How is pancreatitis diagnosed?

To diagnose pancreatitis, other causes of the symptoms must be ruled out. A complete history is taken and a thorough physical exam, a complete blood count, chemistry panel and urinalysis are performed. Blood levels of two pancreatic enzymes, amylase and lipase, may be obtained. A more sensitive and specific test for pancreatitis, the fPLI (feline pancreatic lipase immunoreactivity) test is recommended. In addition, radiography (x-rays) and ultrasound can also help in making the diagnosis.

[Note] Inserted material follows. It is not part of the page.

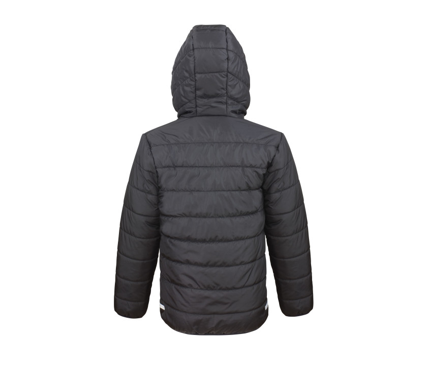 Fermeture grand zip. Finitions réfléchissantes aux poignets. Biais de finition poignets et bas de vêtement. Doublure et finitions constrastées. Poches zippées. Capuche attenante (dans le prolongement du col). Étiquette neutre dans le cou. Très douce, légère et chaude. Facile à ranger et compacte.
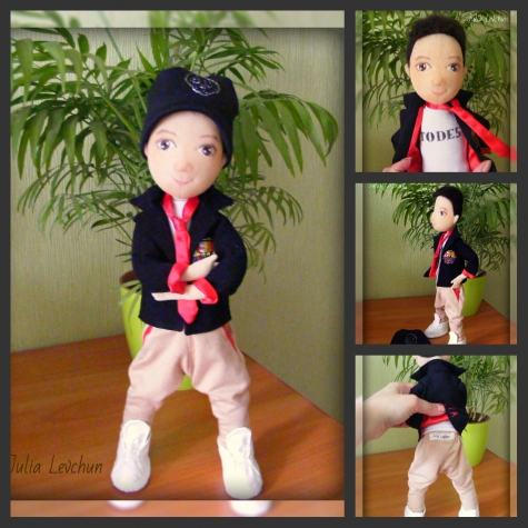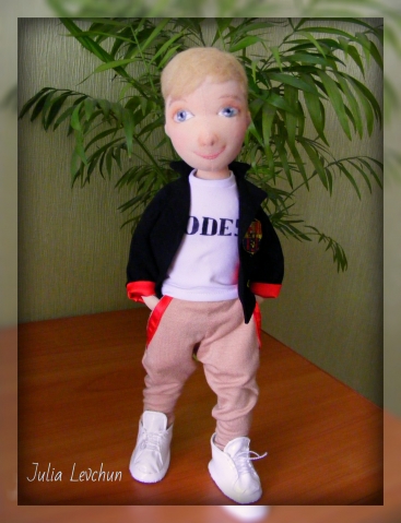 Рост 37 см, каркасный. Личико вышито. утяжка, макияж - пастельный мелок. Волосы - кардочесаная новозеландская шерсть. Футболка - белый трикотаж-масло, надпись выполнена акрилом. Пиджак - черный штапель, подкладка - красный атлас. Эмблема - ручная вышивка. Брюки - трикотаж, карманы оторочены атласом. Кроссовки - белая перфорированная эко кожа, подошва - флис. Шапочка из дайвинга, вышивка серебряной нитью.

A biopsy can result in a conclusive diagnosis, but is not commonly performed.

How is pancreatitis treated?

The goals of treatment are to:

  • Correct dehydration
  • Provide pain relief
  • Control vomiting
  • Provide nutritional support
  • Prevent complications

Dehydration and electrolyte imbalances are common in cats with pancreatitis, so supplemental fluids are given either by the subcutaneous or intravenous route, depending upon the severity of the condition.

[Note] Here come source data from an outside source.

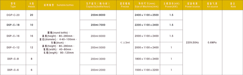 DGP-C直列式常壓灌裝機技術參數
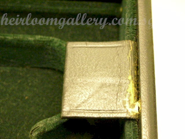 beautiful box is upholstered with GREEN leather in VERY
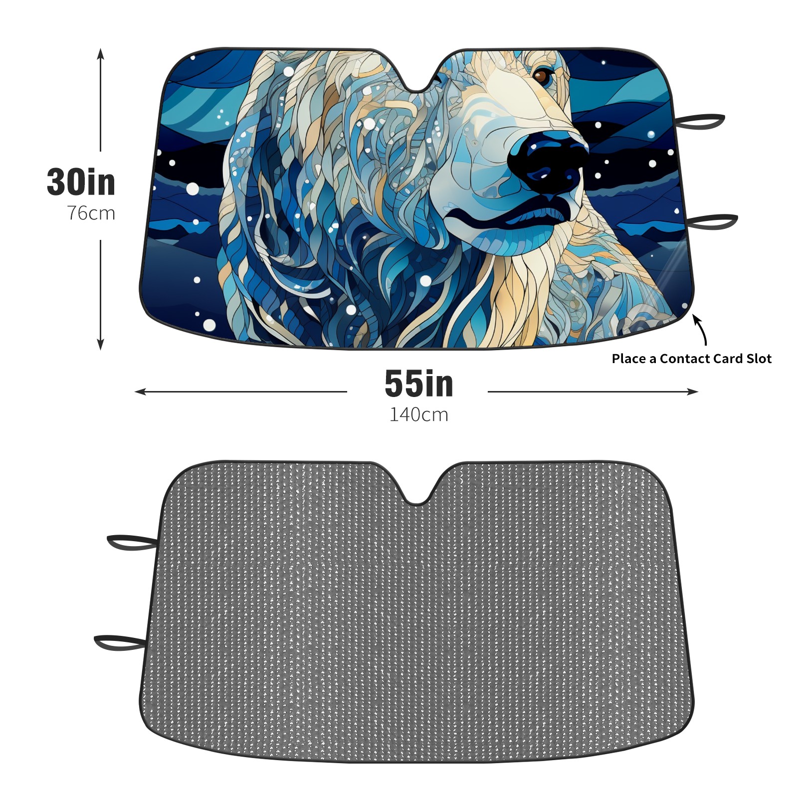 Diameter /Size 63"L x 33.5"W Made from excellent materials which makes it sturdy and protects the car from the sun. Easy to use and pack. Makes the interior of the car cooler.You can easily stash the sunshade in the storage bag or store long term.It open and closes easy. Also the leather storage bag is durable and easy to put the umbrella back into.This windshield sunshade provides complete coverage and keeps your car interior cool under direct sun. It is easy to open and position under the windshield and around the rear-view mirror. Makes Your Car Easy To Identify, Perfect For Finding Your Car In Crowded Parking Lots And Garages.Great Choice: It Is A Great Gift For Dad, Boyfriend, Brother, Brother And Uncle, Friends, Classmates, Family And So On. Notice: Due To Difference Computer Monitors, The Color Maybe Slightly Different From Picture. As Different Measurement Methods, Measurement Data Will Float Within 2%.I Hope You Understand. If You Have Any Question About The Item Please Do Not Hesitate To Contact Us Immediately And We Will Give You A Satisfactory Reply Within 24 Hours.

Cats who are experiencing pain can be treated with pain relievers such as meperidine or butorphanol.

Medications may be given to decrease the amount of vomiting, if necessary. If vomiting is severe, food, water, and oral medications are withheld for at least 24 hours. Depending upon the cat's response, food intake can be started again after a day or more. The cat is generally fed small meals of a bland, easily digestible, low-fat food. In some cases, especially for cats with a loss of appetite, it may be necessary to use tube feeding to provide proper nutrition. In addition, vitamin B12 injections, appetite stimulants, and supplementing pancreatic digestive enzymes in the food may be of benefit.

If the pancreatitis was caused by a medication, the medication should be stopped. If it was caused by a toxin, infection, or other condition, the appropriate therapy for the underlying condition should be started. Specific therapies for the liver and intestine are often added to the treatment regimen for pancreatitis in cats. These may include SAM-e, ursodiol (Actigall), and metronidazole. Corticosteroids, such as prednisolone, are also advised in some cases of feline pancreatitis.

In rare instances where there are intestinal complications or the development of a pancreatic abscess, surgery may be necessary.

What is the prognosis for cats with pancreatitis?

Pancreatitis can be a very unpredictable disease. In most cases, if the pancreatitis was mild, chances of recovery are good. In other cases, what appears to be a mild case may progress, or may be treated successfully only to have recurrences, sometimes severe. If there are other concurrent diseases such as diabetes mellitus, liver disease, or small intestine disease, the prognosis is more guarded.

Some animals develop chronic pancreatitis, which can lead to diabetes mellitus and/or pancreatic insufficiency, also called 'maldigestion syndrome.' In pancreatic insufficiency, the food is not digested properly. A cat with this disease often has weight loss. Treatment for pancreatic insufficiency is lifelong and expensive, but is possible. The cat's digestive enzymes are replaced through a product processed from pancreases of hogs and cattle which contain large quantities of the digestive enzymes. A change in diet with added nutritional supplements may also be necessary.

Summary

Acute pancreatitis can be a life-threatening condition, and early recognition and treatment can improve chances of recovery. Chronic pancreatitis is more common in cats. Common signs include lethargy, weight loss, and decreased appetite. Treatment is based on correcting the dehydration and maintaining proper fluid and electrolyte balances, controlling other symptoms and providing nutritional support.

 
References and Further Reading

Steiner, JM. Is it pancreatitis? Veterinary Medicine 2006;March:158-166.

Whittemore, JC; Campbell, VL. Canine and feline pancreatitis. Compendium Continuing Education for Veterinarians 2005;October:766-775.

Xenoulis, PG; Suchodolski, JS; Steiner, JM. Chronic pancreatitis in dogs and cats. Compendium Continuing Education for Veterinarians 2008;March:166-180.